News Column

"Efficiently Updating and Deleting Data in a Data Storage System" in Patent Application Approval Process

February 11, 2014



By a News Reporter-Staff News Editor at Information Technology Newsweekly -- A patent application by the inventors Dean, Jeffrey Adgate (Palo Alto, CA); Ghemawat, Sanjay (Mountain View, CA); Fikes, Andrew (Los Altos, CA), filed on June 4, 2013, was made available online on January 30, 2014, according to news reporting originating from Washington, D.C., by VerticalNews correspondents.

This patent application has not been assigned to a company or institution.

The following quote was obtained by the news editors from the background information supplied by the inventors: "Systems storing a large amount of data must efficiently store, update, and retrieve the data in order to be useful. Some such systems employ a distributed data storage system that uses a plurality of servers to allow even a large number of geographically diverse users to easily update and retrieve data. When a request to store, update, or delete stored data is received the request is routed to the appropriate server. The data then changed in accordance with the request. Some requests will alter only a single data value, while others will request to alter a large range of data values.

"In addition, data storage systems may find it useful to provide historical information for a particular piece of data. Historical data allows changes in a particular piece of data to be tracked over time. Depending on the amount and quality of stored historical information, it may be possible to determine the exact value of particular data at a specific point in the past. Thus, storing this historical data necessitates a large amount of historical data storage. The data storage system must be able to efficiently store historical data information for the data storage system to be useful and cost effective. Techniques which improve the efficiency of adding, storing, and removing data from a data storage system greatly improve the usefulness of such systems."

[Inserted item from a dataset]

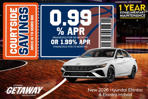 0.99% APR financing for 60 months or 1.99% APR financing for 72 months. $17.09 per month per every $1,000 borrowed at 0.99% APR; $14.75 per month per every $1,000 borrowed at 1.99% APR. With approved credit through Hyundai Motor Finance. Not all will qualify. Excludes Elantra N and Elantra N M/T. Offer applies to select new 2026 Hyundai Elantra and 2026 Hyundai Elantra Hybrid models. Several in stock at this price. Advertised Price EXCLUDES all optional dealer offered items, accessories, or product addendums optionally selected by the purchaser, applicable official taxes and fees, and a $436 documentary fee. See dealer for details. Offer Expires 03/31/2026.

In addition to the background information obtained for this patent application, VerticalNews journalists also obtained the inventors' summary information for this patent application: "In accordance with some implementations, a method of storing data is disclosed. The method is performed on a data storage server having one or more processors and memory storing one or more programs for execution by the one or more processors. The data storage server receives a first data request, the request including a first range of one or more keys and an associated first value. The data storage server then receives a second data request, the request including a second range of one or more keys and an associated second value. The data storage server determines whether the first range overlaps, at least in part, the second range. In accordance with a determination that the first range overlaps, at least in part, the second range, the data storage server identifies one or more overlap points associated with the first range and the second range. For each of the identified overlap points, the data storage server then creates respective data items including respective ranges of keys, the respective ranges of each respective data item including one or more keys that are either: (a) the one or more keys between a terminal key of the first or second range and the overlap point, or (b) the one or more keys between two adjacent overlap points. The data storage server then stores the created data items in the memory, wherein all the keys included in the first and second data requests are included in one of the created data items.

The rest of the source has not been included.